Both USCLs permeabilized the S. aureus membrane at concentrations near their MICs (Fig 4A and 4B). At MIC value (3 μg/mL), Lp-I caused permeabilization of >90% of bacterial cells after only 15-min incubation (Fig 4A), whilst the same concentration of Lp-I^RR resulted in ~60% of PI-positive cells after 60-min incubation (Fig 4B). By using Lp-I and Lp-I^RR at ½MIC, the results did not change, showing a rapid membrane damage for the former (~ 60% PI-positive cells after 15-min incubation), and a delayed effect for the latter, which reached the same percentage of damaged cells only after 60-min incubation. The increase of the Lp-I^RR concentration at 2×MIC did not increase the percentage of damaged cells (Fig 4B). The lytic effect of Lp-I and Lp-I^RR was also demonstrated against E. coli at concentrations near their MIC values (S4 Fig). In particular, both USCLs caused an appreciable percentage of damaged cells (~70%) after 30-min incubation with 12 μg/mL. Reducing the concentration at 6 μg/mL, Lp-I did not cause any effect, whilst Lp-I^RR induced ~40% of bacteria damaged after 60-min treatment (S4 Fig).

Download:

• PPT
  PowerPoint slide
• PNG
  larger image
• TIFF
  original image

Fig 4. Evaluation of membrane-damaging activity of Lp-I and Lp-I^RR on S. aureus ATCC 25923 by PI-uptake assay and scanning electron microscopy.

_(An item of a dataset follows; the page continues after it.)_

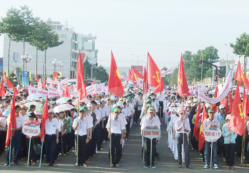 Học sinh các trường THPT, THCN và nhân dân các phường, xã trên địa bàn thị xã Đồng Xoài mít tinh thực hiện văn hóa giao thông - Ảnh: C.T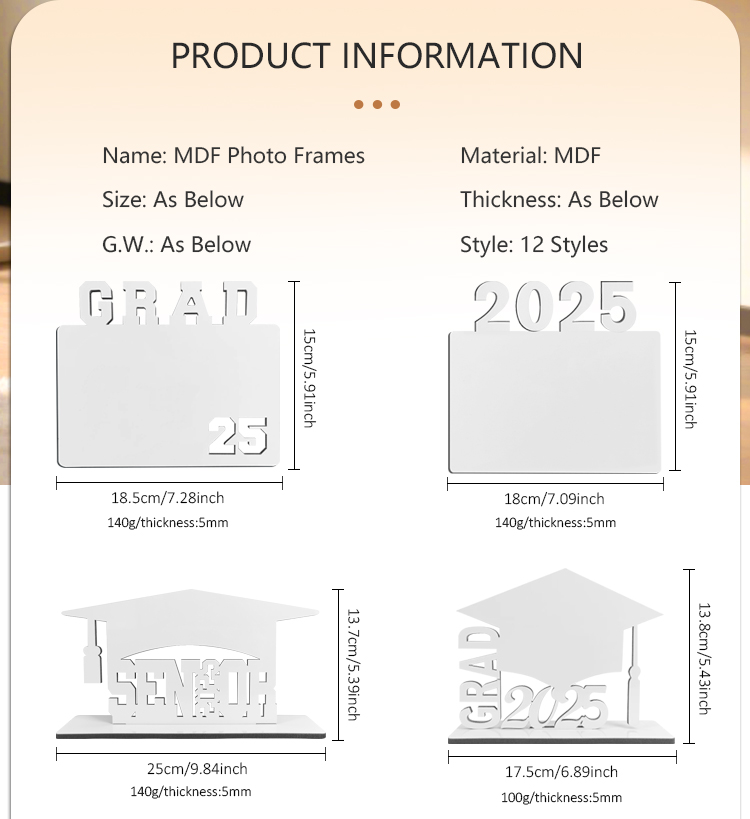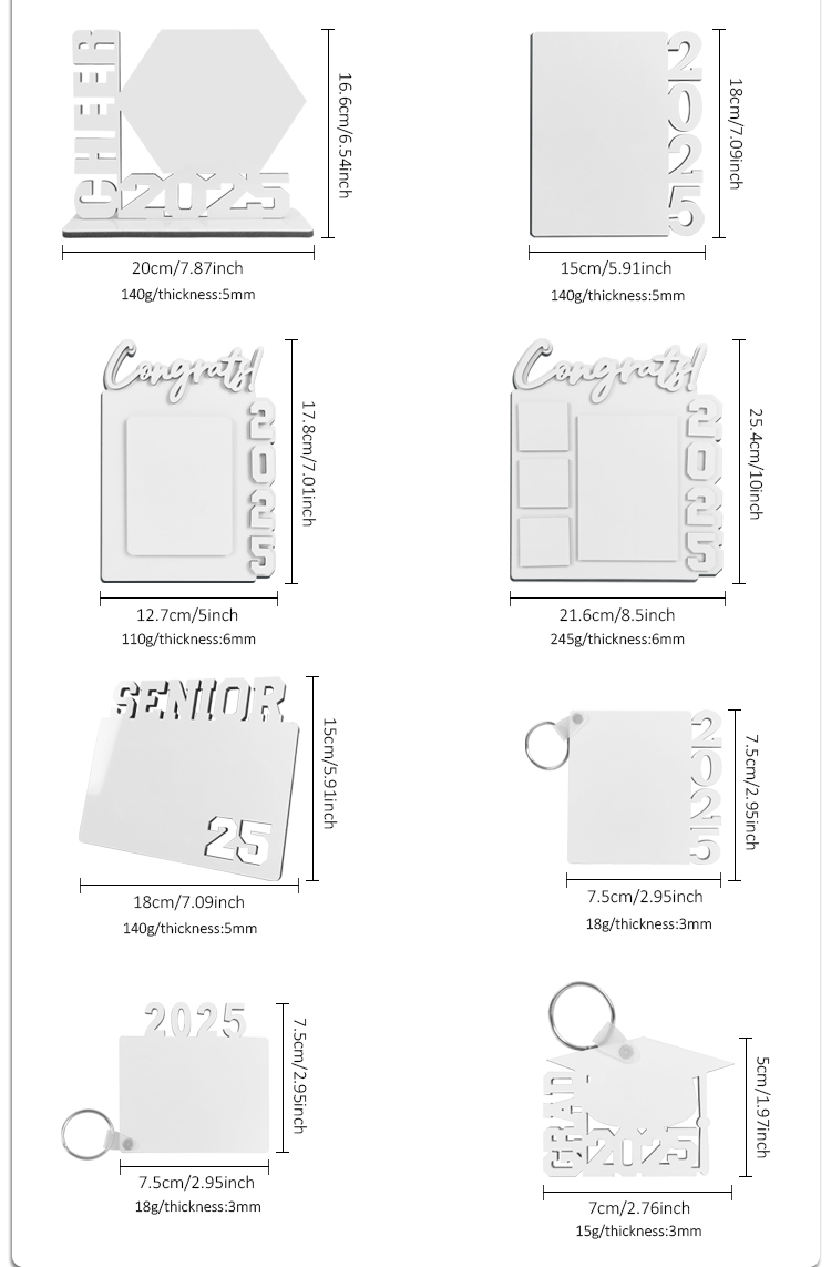 Sublimation 17 Styles MDF Grad 2025 Photo Frame/Keyring Crafts Sublimation Blanks Photo Frame for Graduation Series Custom MDF Keychain Frame

The permeabilization assay with Lp-I (a) and Lp-I^RR (b) on S. aureus cells has been performed in MHB. Bacterial cells (1×10⁶ CFU/mL) were incubated, for different incubation times, with USCLs at the concentration equal to their MIC, ½ MIC or 2×MIC. % PI-positive: percentage of propidium iodide positive cells. The background level of permeabilized cells, obtained with untreated samples, was always lower than 2% and was subtracted to the corresponding USCL-treated sample. Data are a mean ± SEM of four independent experiments. Scanning electron microscopy of 10⁷ CFU/mL S. aureus cells untreated (c) or after 60 min incubation at 37°C with 30 μg/mL of Lp-I (d) or Lp-I^RR (e).

https://doi.org/10.1371/journal.pone.0212447.g004

The effect of Lp-I and Lp-I^RR on S. aureus viability was also evaluated by using the same concentrations and incubation time causing the membrane permeabilization (Fig 4A and 4B). The significant reduction of the number of viable cells after USCLs treatment (S5 Fig), indicates that membrane damage induced by Lp-I and Lp-I^RR was lethal for bacterial cells.

We also investigated the effect of the USCLs treatment on S. aureus morphology, by using scanning electron microscopy (SEM) (Fig 4C, 4D and 4E). The treatment with Lp-I and Lp-I^RR induced dramatic morphological changes on the bacterial surface: untreated cells had a normal, smooth surface (Fig 4C), whilst the surface of cells treated with Lp-I (Fig 4D) and Lp-I^RR (Fig 4E) became roughening and blebbing. Moreover, treated cells with Lp-I often showed holes in their surface, and cellular debris likely arising from cell lysis. Indeed, these morphological alterations of bacterial surface indicated a membrane-damaging activity of these USCLs, in agreement with data obtained in PI-uptake assays.